Tomita Ayana, Sato Tokushi, Nozawa Shunsuke, Koshihara Shin-ya, Adachi Shin-ichi
Department of Materials Science, Tokyo Institute of Technology, Meguro, Tokyo 152-8551, Japan.
Acta Crystallogr A. 2010 Mar;66(Pt 2):220-8. doi: 10.1107/S0108767309050752. Epub 2010 Feb 9.
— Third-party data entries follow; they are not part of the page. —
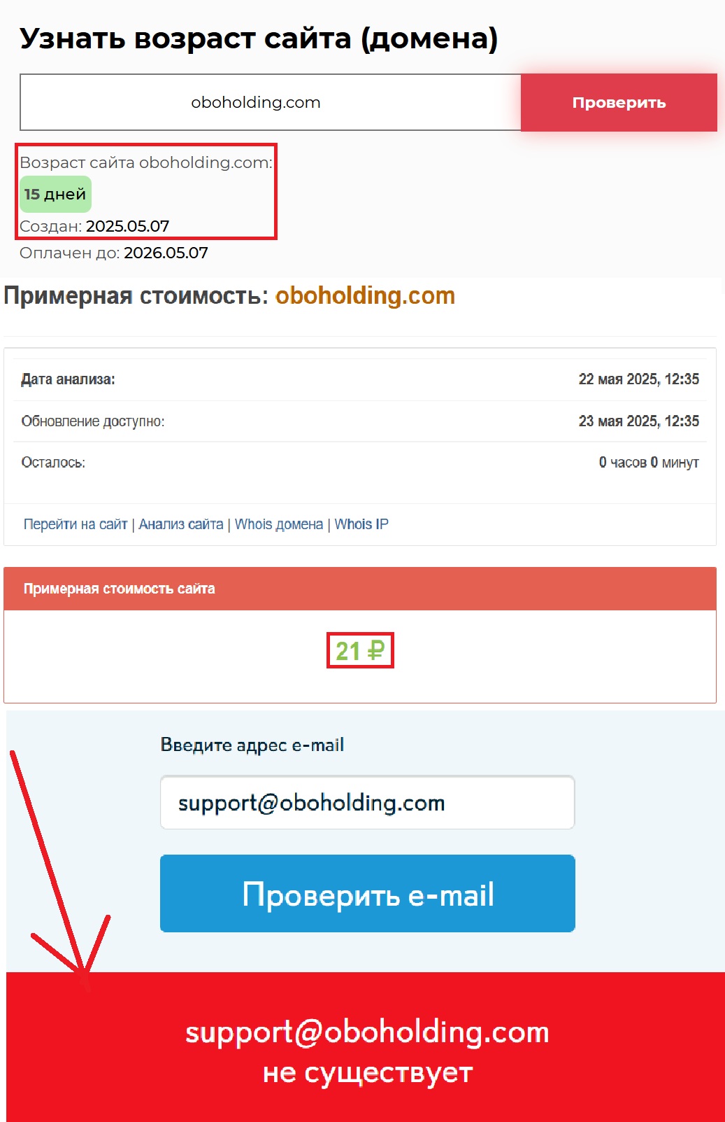 Цена домена? Да вы только вдумайтесь — 21 рубль. Серьезно. Это даже не смешно. Это прямая демонстрация того, насколько дешево оценили свою “компанию” ее же владельцы. Добавим сюда неработающую форму обратной связи, фальшивый адрес электронной почты support@oboholding.com, отсутствие в реестрах и никаких следов офиса, который якобы расположен в Малайзии. Все это — ложь, красиво поданная, но все же ложь.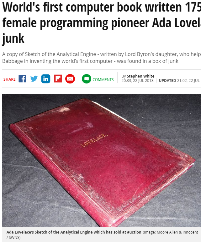 綜合外媒報導,該本書「分析機草圖」(ketch of the Analytical Engine)是由英國數學家,同時也是英國詩人拜倫的女兒愛達•勒芙蕾絲(Lady Ada Lovelace)所著作,該書在1843年出版,加上副本6本,世界上一共只有7本。而英國夫婦發現的這本封面還有勒芙蕾絲親筆簽名,裏頭更記有為電腦先驅巴貝其(Charles Babbage)演講所做的翻譯,及她對自身理論的解釋。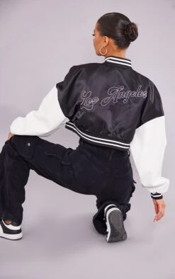 Prettylittlething Black Stripe Trim Contrast Sleeve Satin Cropped Varsity Bomber Jacket Black

In order to explore the ligand-migration dynamics in myoglobin induced by photodissociation, cryogenic X-ray crystallographic investigations of carbonmonoxy myoglobin crystals illuminated by continuous wave and pulsed lasers at 1-15 kHz repetition rate have been carried out. Here it is shown that this novel method, extended pulsed-laser pumping of carbonmonoxy myoglobin, promotes ligand migration in the protein matrix by crossing the glass transition temperature repeatedly, and enables the visualization of the migration pathway of the photodissociated ligands in native Mb at cryogenic temperatures. It has revealed that the migration of the CO molecule into each cavity induces structural changes of the amino-acid residues around the cavity which result in the expansion of the cavity. The sequential motion of the ligand and the cavity suggests a self-opening mechanism of the ligand-migration channel arising by induced fit.
为了探索光解离诱导的肌红蛋白中配体迁移动力学,我们对一氧化碳肌红蛋白晶体进行了低温X射线晶体学研究,该晶体由连续波和脉冲激光以1 - 15 kHz的重复频率照射。结果表明,这种新型方法,即对一氧化碳肌红蛋白进行扩展脉冲激光泵浦,通过反复跨越玻璃化转变温度促进了蛋白质基质中的配体迁移,并能够在低温下可视化天然肌红蛋白中光解离配体的迁移途径。研究发现,CO分子迁移到每个腔中会引起腔周围氨基酸残基的结构变化,从而导致腔的扩张。配体和腔的顺序运动表明了由诱导契合产生的配体迁移通道的自开放机制。